Building on ex3 sort chromosomes based on SNP density.

### Exercise 6

Make a table for your report using DT to show SNP density

### Exercise 7

Using ggplot make a make a bar graph of the total SNP counts for each chromosome. Add title and labels for the x and y axis. Set the fill of the bars to yellow and the outline (color) to black.

### Exercise 8

Modify ex 7 to make a stacked bar graph with the contributions of each genotype to the total SNP count (Hint: use fill).

### Exercise 9

Turn ex 8 into an interactive graph using plotly. Note: Titles in plotly often need to be wrapped.
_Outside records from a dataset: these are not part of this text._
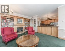 Welcome to Queens Heights one of the areas most desirable bespoke buildings. Carefree condo living at its finest. Large 1722 square ft 2 bedroom, 2 bathroom unit plus a den. A spacious entry foyer with plenty of closet space. Double French doors lead to the formal dining room, oak flooring, plenty of space for your table and hutch plus a wall to wall custom built-in. 0versized living room, good sized kitchen, handsome dark cabinetry, loads of counter and cupboard space, 2 pantries, storage galore. Bright breakfast room, great spot for your morning coffee, next to the main level den, sliding glass doors with California shutters lead to the balcony area. Two bedroom including a luxury sized primary , can easily accommodate a king sized bed, 4 piece ensuite. Second large bedroom, walk in closet, and an additional updated main level bath with walk in shower. In suite laundry room with additional storage space. Appliances included. Fantastic amenities, controlled entry, large lobby, guest suites, party room, billiards, library. fitness area, Fantastic rooftop terrace, BBQ area, underground parking with its very own carwash, Designated parking spot. Exceptionally maintained building, oak paneled hallways, immaculate, award winning summer gardens. Walk to shopping ,dining, Centre in the Square, library, downtown, farmers market, easy highway access. If you are looking for the ease of condo living in a friendly environment without sacrificing the space of a home then this meets all of the requirements. Begin your next chapter here. (id:50886)
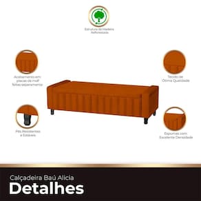 Calçadeira Baú Casal King Size Estofada Alicia Veludo Cor Terracota
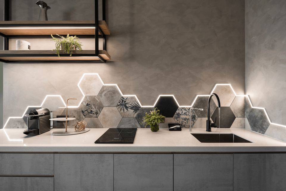 Bệ nấu nướng đặt bên hông nhà ăn nhưng tổng thể vẫn rất gọn gàng, sạch đẹp. Điểm ấn tượng nhất của không gian này nằm ở việc xếp chồng lên bức tường trát xi măng bằng các chi tiết sắt không theo tiêu chuẩn. Tấm ván chống giật được kết hợp độc đáo với gạch hình lục giác và đèn chiếu sáng thể hiện tính chiết trung của gia chủ trong cuộc sống.
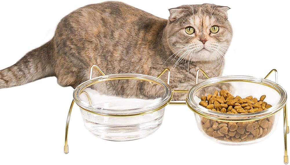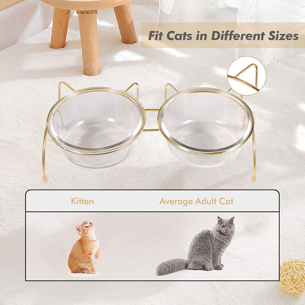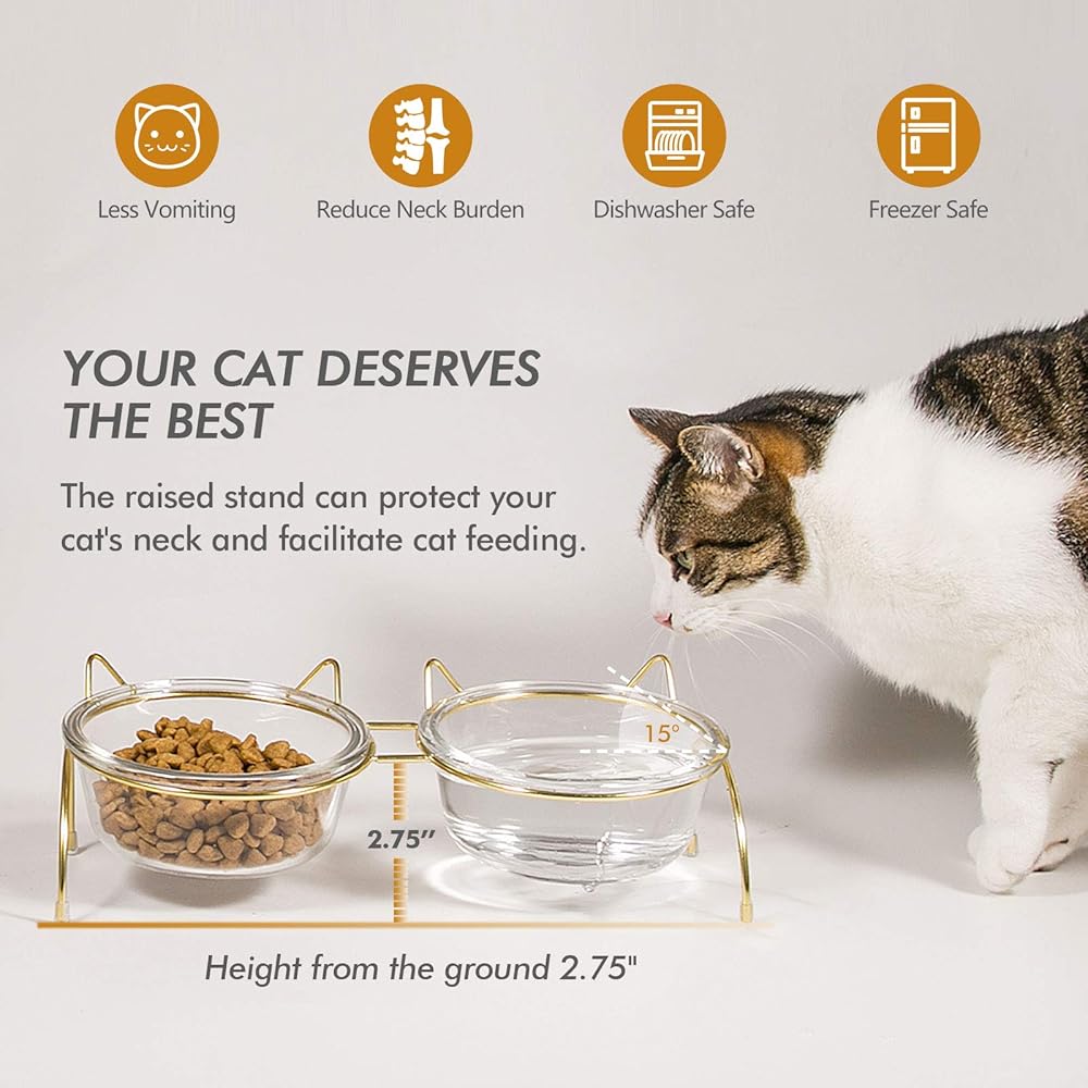• 【Convenient Detachable Design】: Qucey Raised Cat Glass Bowls feature a detachable design for effortless cleaning. Simply remove the glass bowls from the sturdy metal stand and place them directly into the dishwasher, saving you time and effort. The metal bowl stand itself is easy to wipe clean, completing the hassle-free maintenance.
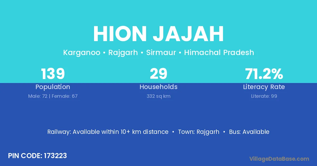 Rajgarh is the nearest town to Hion Jajah village for major economic activities
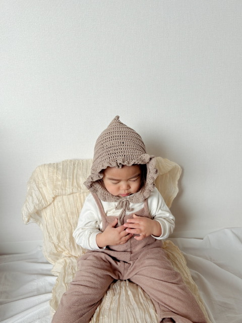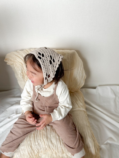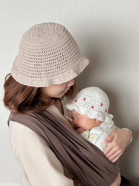ベビーとママに可愛いをお届け♡男の子にもおすすめしたい、春夏に向けたナチュラルな色味のコットンヤーンで小物を編みました!暖かくなるこれからのお出かけのお供にいかがですか♪
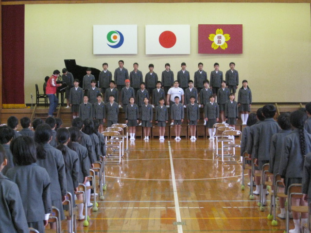 3/9(水)音楽集会がありました。卒業式で在校生が歌う「ビリーブ」の練習をしました。ピアノ伴奏と初めて合わせました。
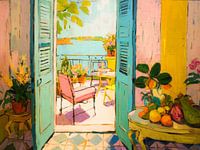 Dit schilderij vangt de charme van een zonnige ochtend op een kleurrijke patio. De open deuren leiden naar een betoverend uitzicht op het buitenleven, waar felle kleuren en weelderige planten samenkomen in een levendig tafereel. De penseelstreken geven het werk een speelse, energieke sfeer, die het gevoel van warmte en ontspanning…

I do this using `labs(title = str_wrap("Total number of SNPs on each chromosome", 40)`.

### Exercise 10

Use `facet_wrap` to show each genotype as a separate graph (with a bar plot of counts per chromosomes).

### Exercise 11

Revise ex10 using `scales="free_y"` in `facet_wrap` to allow better show the variation in each graph.

### Exercise 12

Using the graph you made in exercise 8 output a PNG file with the ppi = 300 and the appropriate width and height so the image looks nice.

### Exercise 13

Load the png file of the graph from your images folder into your Quarto document.